Plenty times after work, me and Eddie and Kirk-guys all met in the back of the parking lot to tailgate, like we were headed to a ball game or something, but it’s just all us getting off our shift and chilling, just for a minute. Before some of the guys gotta run home to the edge of town in whatever small little house they’re all crammed into we stand around the back of Eddie’s car, far side of the parking lot, cracking beers from the trunk.

“Anybody going to the game tonight?” Eddie asked.

It gets all quiet.

“Right,” Eddie said, not looking at me. “Sorry.” His shitty little child-molester-looking mustache and squirrel cheeks, raising his can, everyone else did the same. Guys is slamming their beers since they gotta get home to their families, except a few guys that chilled and drank slow, like we was at a bar and trying for make it last so we don’t gotta order another, just stay and listen to the music.

 

 

11

 

 

NAINOA, 2008


Portland

A seventeen-year-old girl with A collapsed lung was breathing no oxygen but death, I kept her alive. A construction worker with a severe incision of his left forearm, dropping into hypovolemic shock, I held him together. Parks in the ceaseless damp of a late cold spring and their gray alcoholics, stripping their clothes in a fever of hypothermia, so drunk and cold they were delirious, how desperate their heart thumps were, body cores falling below ninety degrees as they grew waxy, fetaled underneath benches, I kept even the coldest ones alive. We got the hemorrhoid calls and the imagined myocardial-infarction calls and the stomach-flu calls, yes, the street-corner raving lunatics and juvenile fistfight losers, we got their ambulance calls again and again, every day and all the time, the dull act of standing on stoops with supposed patients while we ran through the symptom list of everything this mild illness, that tickle of the chest, this I don’t feel right might be, but when the significant ones came, the ones me and Erin wanted but never confessed we wanted, the way our lungs and hearts and skulls were roaring with adrenaline when we arrived to another bloody, screaming scene, when those came I was getting better every time, pushing further and further into the borders of death’s country.

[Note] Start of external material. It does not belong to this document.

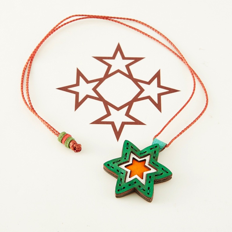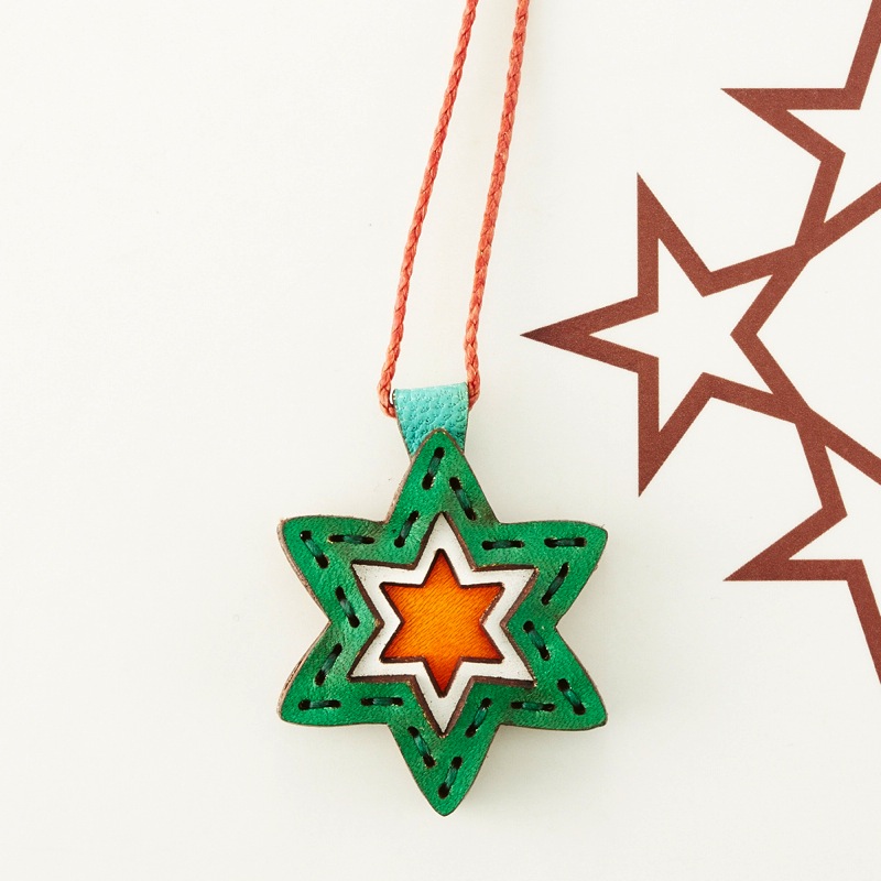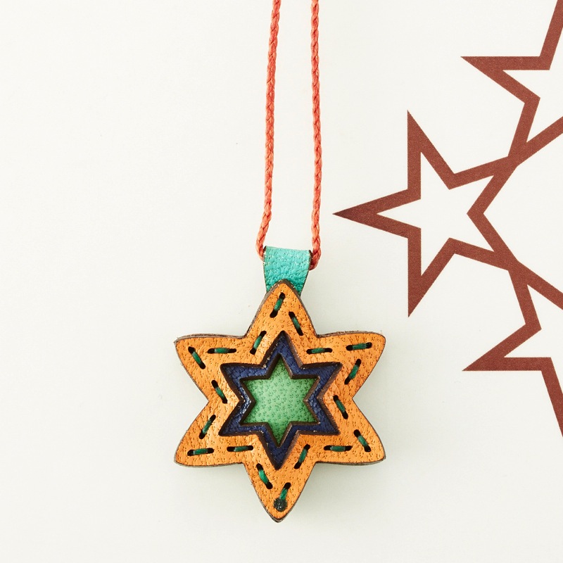 六芒星をデザインしたネックレスです。三枚の革を重ねた存在感のある仕上がりは、ファッションのアクセントに最適です。表裏それぞれ異なったカラーリングなので、リバーシブルでお楽しみ頂けます。紐部分のレザービーズで紐をお好みの長さに調整出来る仕様となっております。

I poured myself into work. Inside the rig, the rush and struggle and the essences crowding inside me were like a habit now, always rubbing me for attention, saying, Just a little bit, just give me a little bit, every day, so that soon visiting Khadeja and Rika and helping with elementary-school projects, opening bills and taking out the garbage at my apartment, groceries and laundry, is it movie night at Khadeja’s or gym night by myself, all were just footnotes to the next time an ambulance could catapult me to a dying body.

Weeks and weeks passed as this. The chaos of being on shift, long stretches of meaningless work, easy calls we didn’t need to be at, then the harder calls with true accidents, fingers lost in a meat slicer in the back of a bright white supermarket deli, a pathologic humerus fracture from a domestic ladder tumble of a cancer patient, low-speed bicycle/car interactions …

As I began to understand myself, to learn what I was capable of, these basic traumas became things I could repair, even as I was masking the repair, so that by the time the patients had made it to the hospital in our ambulance, their bodies were set on a trajectory to be fully healed, but not so quickly as to be a miracle. I can only imagine the number of ER doctors that pulled back bloody dressings only to find the wound underneath far less severe than had been described in the paperwork.

For a time Erin said nothing, but eventually she stopped me outside the front of the station at the end of one of our shifts.

“You have to tell someone,” she said. I smelled her cola-sweetened breath and our compost-heap body odors from another long shift.

“Tell someone what?” I asked.

“Don’t insult me,” she said. “We can’t just keep on like this.”

“We?” I asked.

That flex in her jaw. “You,” she said.

“Describe it,” I said. “What this thing is we should be telling people about.” I watched the station cleaners chuck giant popcorn-ball-shaped garbage bags of medical waste into transfer bins.